Emerging roles of ATF3 in the suppression of prostate cancer.

Stress response mediator activating transcription factor 3 (ATF3) engages in diverse oncogenic pathways including the androgen receptor signaling essential for prostatic proliferation. In line with frequent downregulation of ATF3 expression in human prostate cancers, we have provided the first genetic evidence supporting the role of ATF3 as a tumor suppressor in a subset of prostate cancers with PTEN dysfunction.

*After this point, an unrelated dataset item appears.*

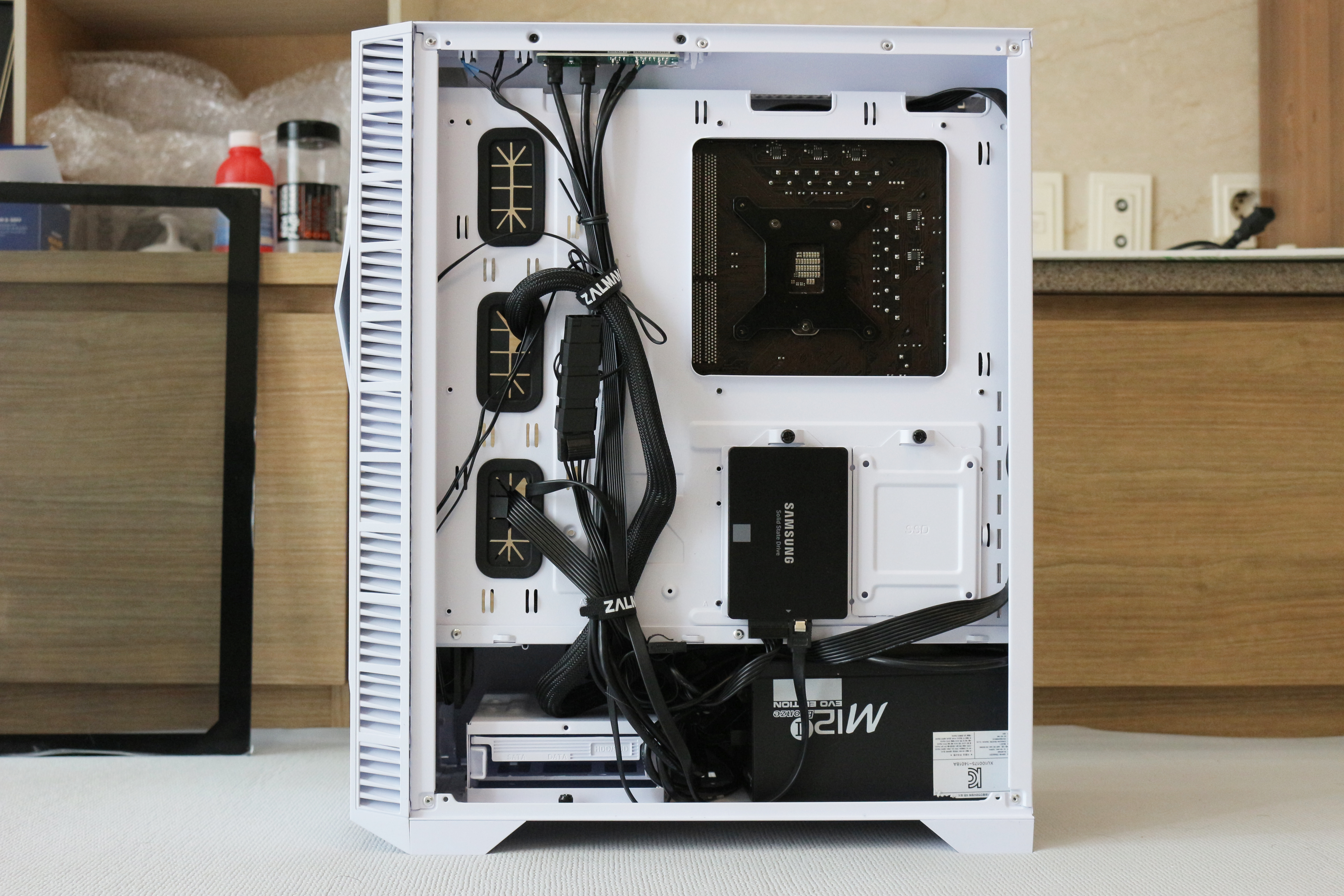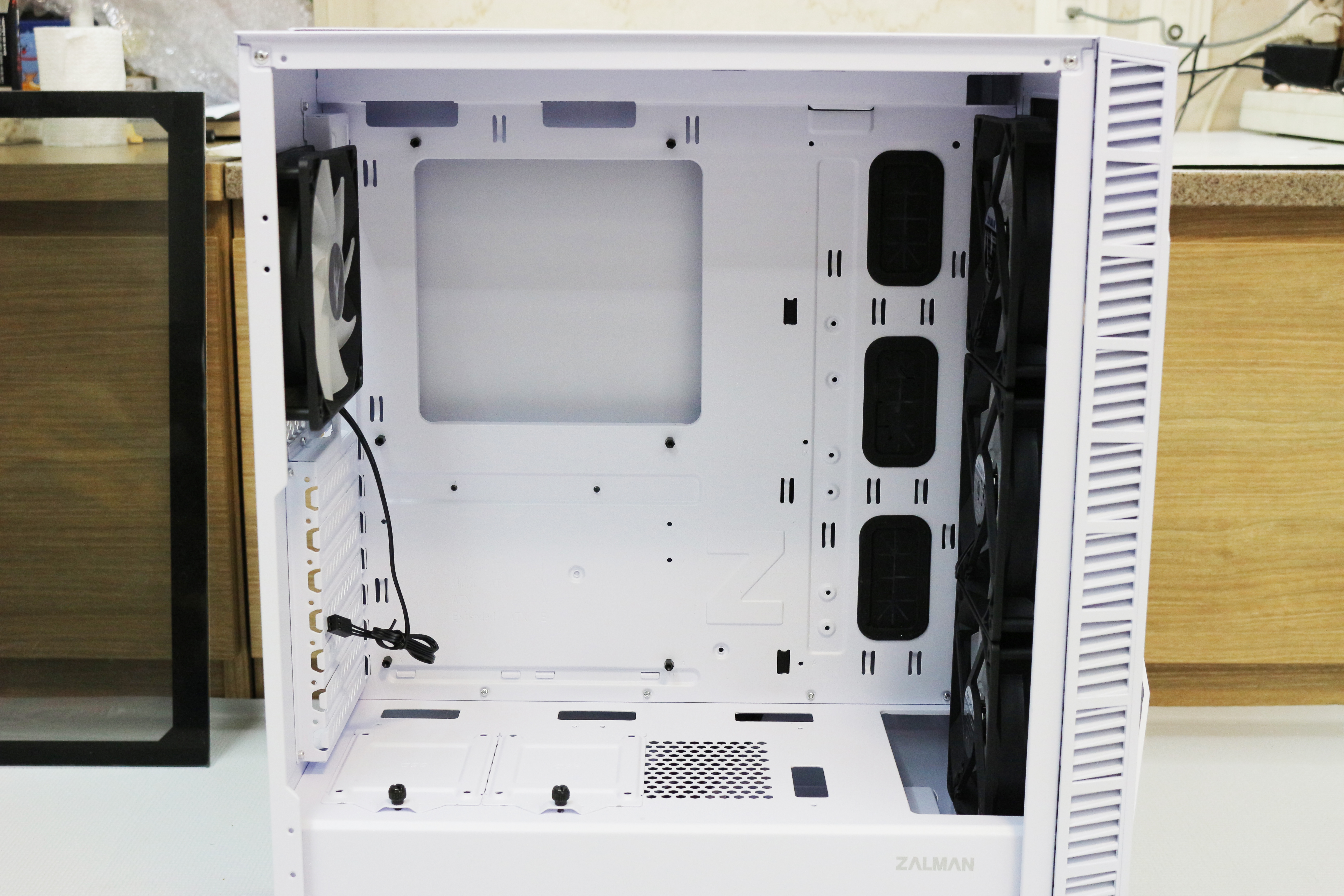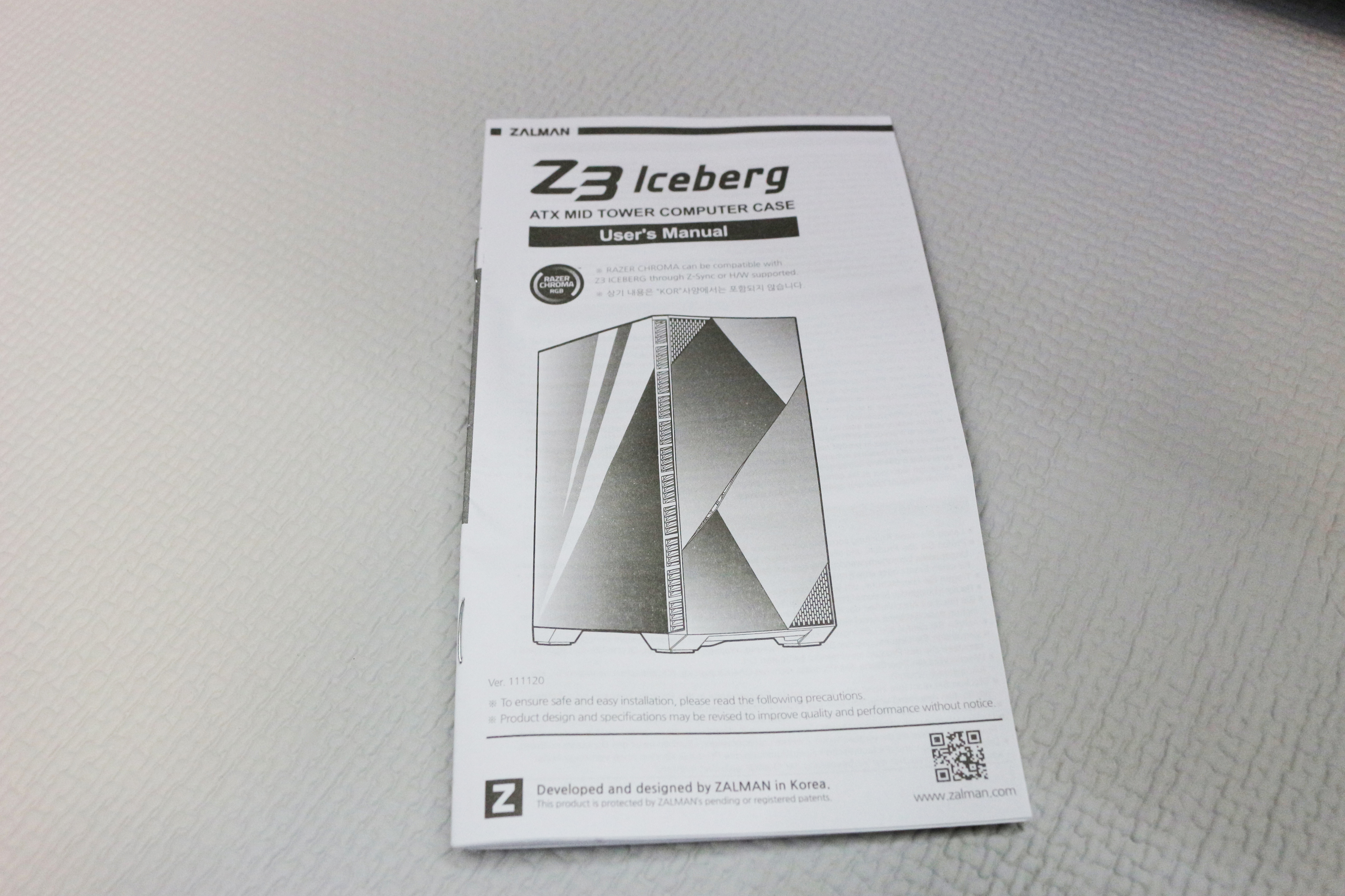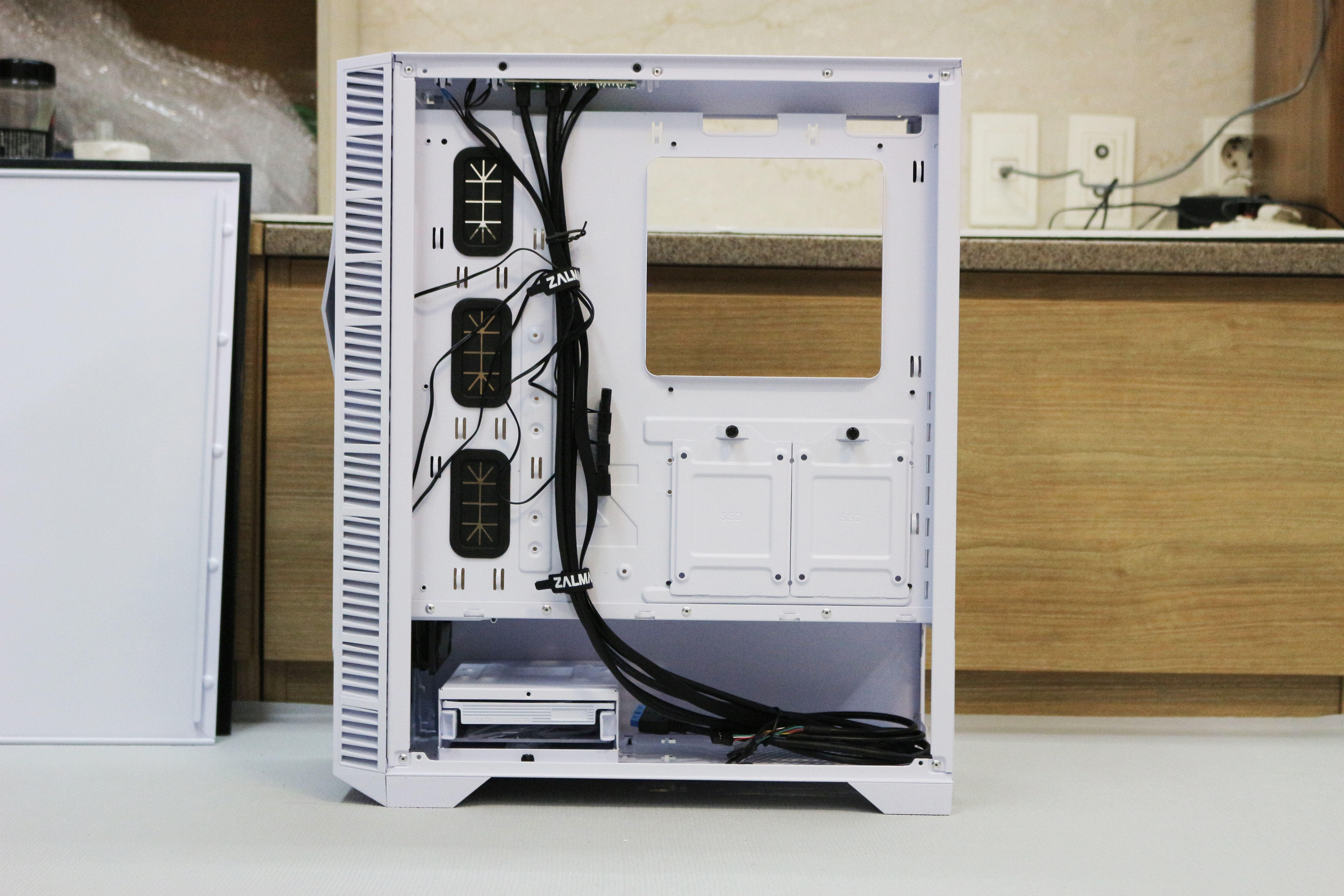 잘만 Z3 아이스버그는 ATX까지 들어가는 미들타워 케이스입니다. 전면쪽에는 팬 3개가 장착되어있고 옆면에 선정리 홀이 있습니다.

Activating transcription factor 3 (ATF3) is one of the smallest members of the ATF/CREB family of transcription factors, containing only one functional domain (the basic-region leucine zipper domain, bZIP) that binds the ATF/CREB cis-regulatory element (5’-TGACGTCA-3’) while dimerizing with other ATF/CREB proteins. The bZIP domain also mediates interactions with many other essential cellular proteins such as p53 (TP53, best known as p53), SMAD family member 3 (Smad3), and mouse double minute 2 (MDM2). As ATF3 can be rapidly induced by a broad spectrum of cellular stresses (e.g., endoplasmic reticulum stress, oxidative stress, and DNA damage), it is generally believed that it plays important roles in the maintenance of genetic integrity and cellular homeostasis under stressed conditions. Indeed, ATF3 has been shown to engage in diverse cellular signaling pathways, including those mediated by transforming growth factor β (TGFβ), Toll-like receptor 4, and the tumor suppressor p53. Not surprisingly, recent studies have unveiled crucial but controversial roles of ATF3 in human cancers. For instance, although ATF3 was previously shown to be a metastasis promoter in a murine B16 melanoma model, we and others have demonstrated that ATF3 can suppress invasion and metastasis of lung and bladder cancers. In a similar vein, it is reported that ATF3 induces apoptosis and restricts prostate cancer outgrowth while promoting invasion of prostate cancer cells. Although it is highly possible that ATF3 plays a context-dependent role in cancer, these discrepancies might also reflect intrinsic differences in the cell models that were applied in different studies and that often fail to closely mimic physiological conditions. It is thus important to define the role of ATF3 in cancer using genetically engineered mouse models. In an early study, we examined a Atf3 knockout (Atf3) mouse strain and found that Atf3 deficiency causes prostatic hyperplasia. These results are consistent with observations that ATF3 binds the androgen receptor (AR) and represses the androgen signaling that is crucial for sustaining proliferation and survival of prostatic epithelial cells, and suggest that it is more likely that ATF3 functions as a tumor suppressor for prostate cancer. Indeed, ATF3 expression is frequently downregulated in human prostate cancers.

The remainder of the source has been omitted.